One of the most fun aspects of National Novel Writing Month is you don’t do it alone. The instigators of NaNoWriMo encourage writers to meet during the month of November and write together in libraries and coffee shops and book stores, both to have the camaraderie and to showcase the fact you’re writers, writing.
The country is divided into regions, and my region, Shenandoah Valley Wrimos, is quite active. We’ve had some great on-line write-ins, but the best was today’s face-to-face meet-up at Panera in Harrisonburg, VA. Fellow Shenandoah Valley Wrimos Allison Garcia, Rebekah Postupak, Susan Warren Utley, Margaret Locke, and myself did word sprints (there were prizes), had some great food, and talked writing, writing, and more writing. I only got around 700 words done, but the company made the event.
Back home, I added around 2,900 more words for today’s total of 3,630 and one more chapter written and finished–Chapter 28, The Bad Guy. Here’s an excerpt–and a warning here, for it refers to someone planning a rape and murder.
Burkholder threaded his way amid the makeshift tent city, his boots quiet in the sand. When he reached the tent he wanted, he saw the light still on inside. He took up a spot where he could watch without being seen or challenged by any patrol. Even if he were, his ID and passes were in order. He was one of the construction workers, and he couldn’t sleep, just going for a walk.
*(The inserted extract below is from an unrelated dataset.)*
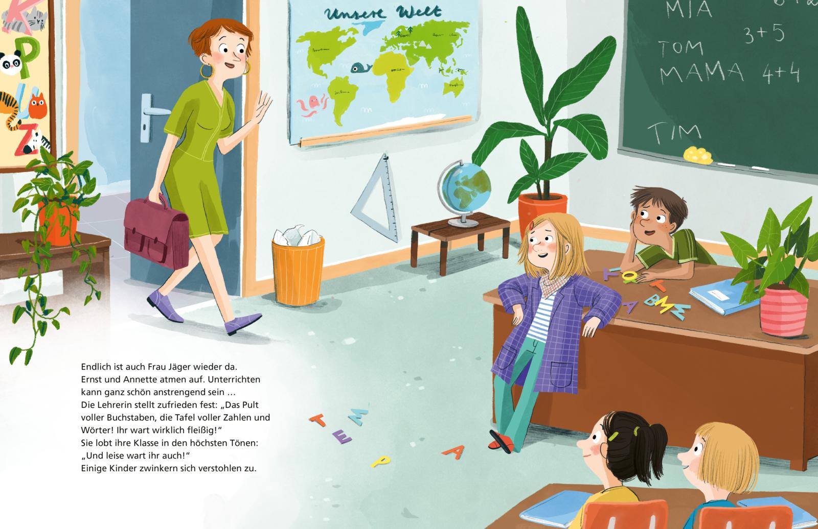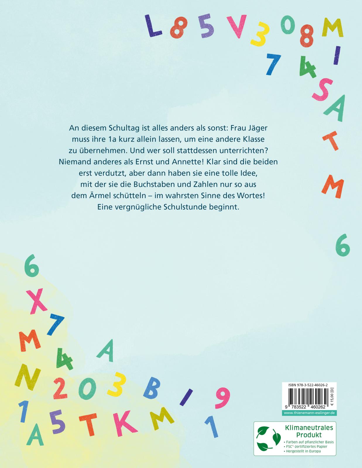 An diesem Schultag ist alles anders als sonst: Frau Jäger muss ihre 1A kurz allein lassen, um eine andere Klasse zu übernehmen. Und wer soll stattdessen unterrichten? Niemand anders als Ernst und Annette! Klar sind die beiden erst verdutzt, aber dann haben sie eine tolle Idee, mit der sie die Buchstaben und Zahlen nur so aus dem Ärmel schütteln - im wahrsten Sinne des Wortes! Eine vergnügliche Schulstunde beginnt.
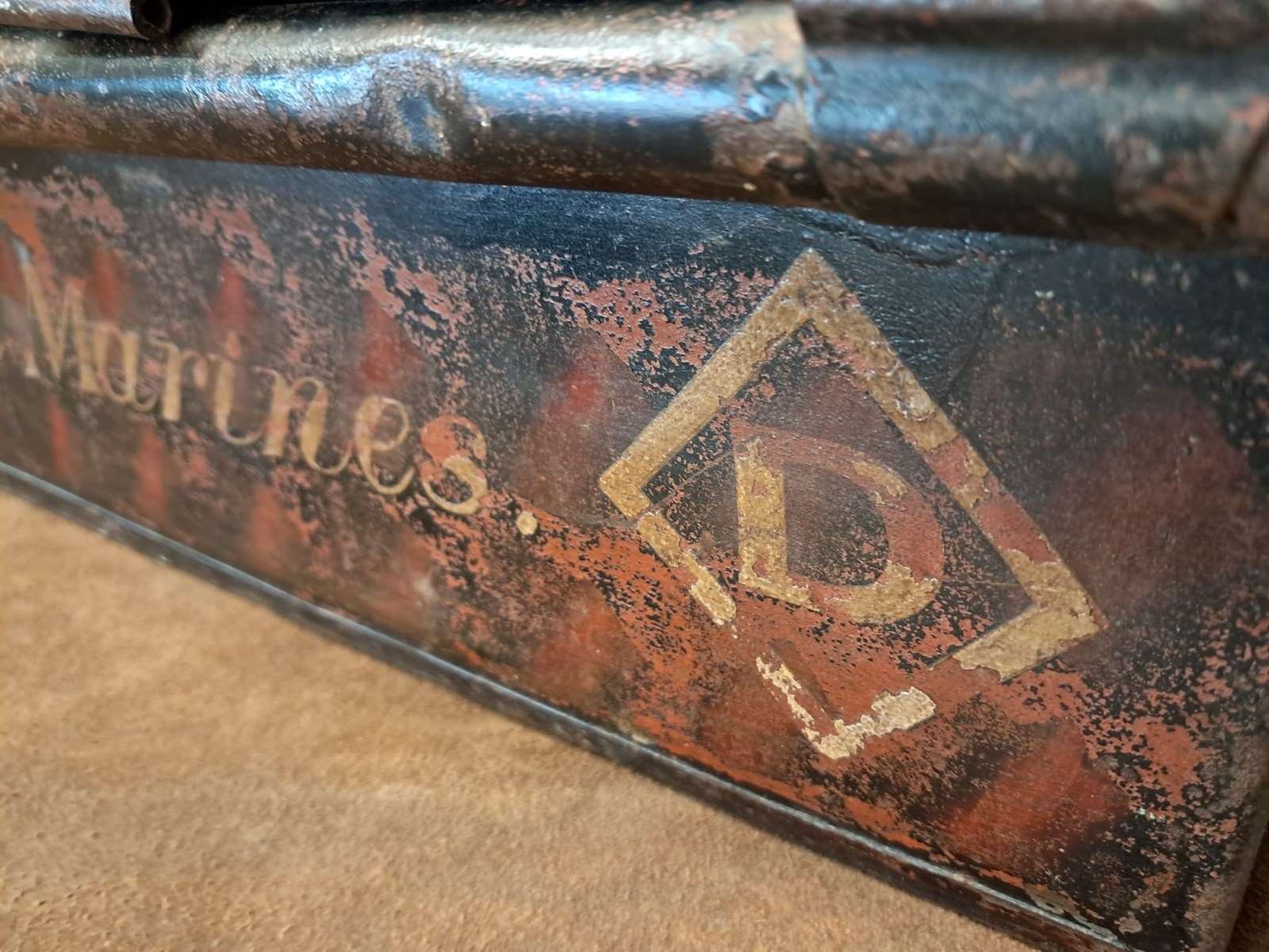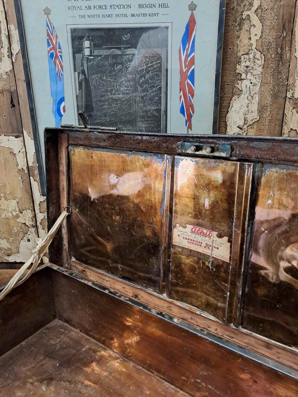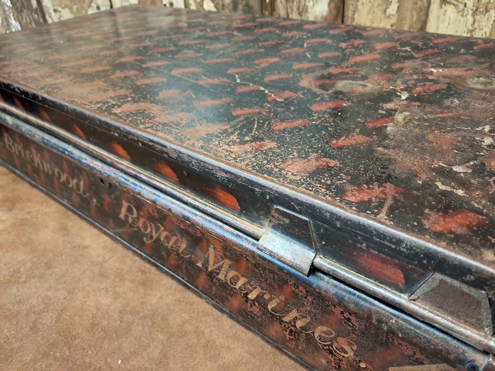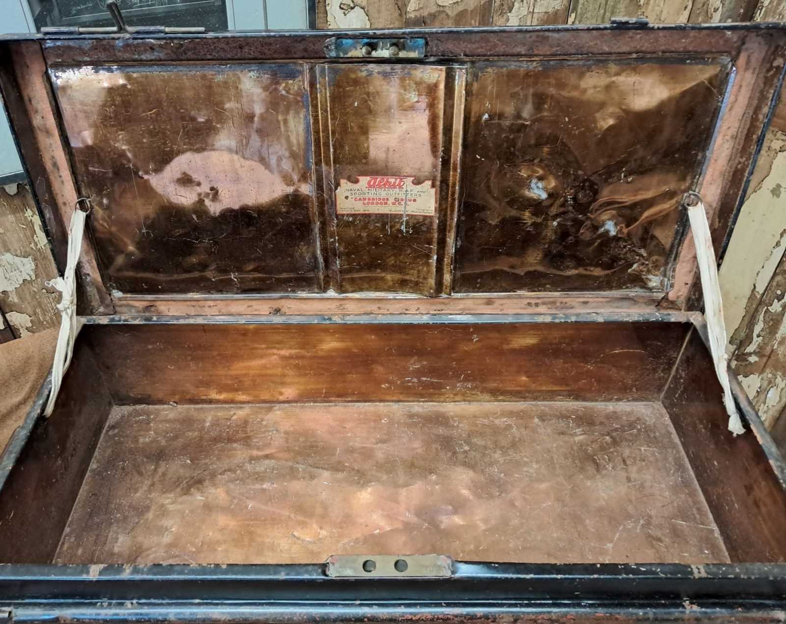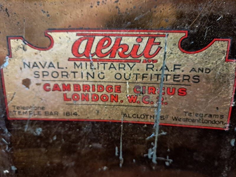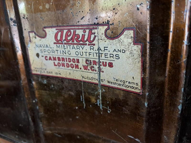 This low level trunk was originally used to house sporting kits and/or robes and is made by ‘Alkit’, London with the original branding label inside. It also has the officers name and Royal Marines painted on the side adding to its authenticity.

Burkholder had been a sniper first in Delta Force, then discovered he liked close quarter killing better. There was something incredibly powerful about being able to look someone in the eye when you took his or her life. The eyes reflected such a panoply of emotions at that moment—denial, fear, bargaining, anger, acceptance, almost as if in those scant nanoseconds the victims went through all the stages of grief for the life Burkholder would end. Unlike some of his colleagues in Delta and now in Security Solutions, he had no qualms about the killing of women. Women were the best, the way they struggled, the way they seemed to offer him their bodies in exchange for their lives. He would take their lives and their bodies, too, sometimes as they were dying, sometimes after.
With Fisher, he wanted her alive when he had her, wanted her to feel her failure intensely as she died, his hands around her throat, his penis in her. He wished he had the time to tie and gag her, to make the rape last a while, but he’d have to be satisfied with a brief intensity, which could be just as satisfying in its own way. Too bad, too, he couldn’t have the light on to see her eyes, to see her realize she’d been conquered. For him, that was a powerful aphrodisiac, better than Viagra.
Her silhouette showed him she sat on her cot, writing—her report, no doubt on Dostun’s prisoners—but he could have infinite patience. He wouldn’t smoke, so there’d be no evidence with his DNA on it. His boots were like thousands of others in the immediate area, and he was careful not to touch anything. He saw the light go out and still he waited, for her to sleep deeply and soundly.
Some five hours after his satellite phone conversation with the Vice President, Burkholder tugged on a pair of leather gloves. Most of official Washington, DC, would be finding its way home through rush hour, but just after midnight here in Kabul, he looked forward to a different kind of rush.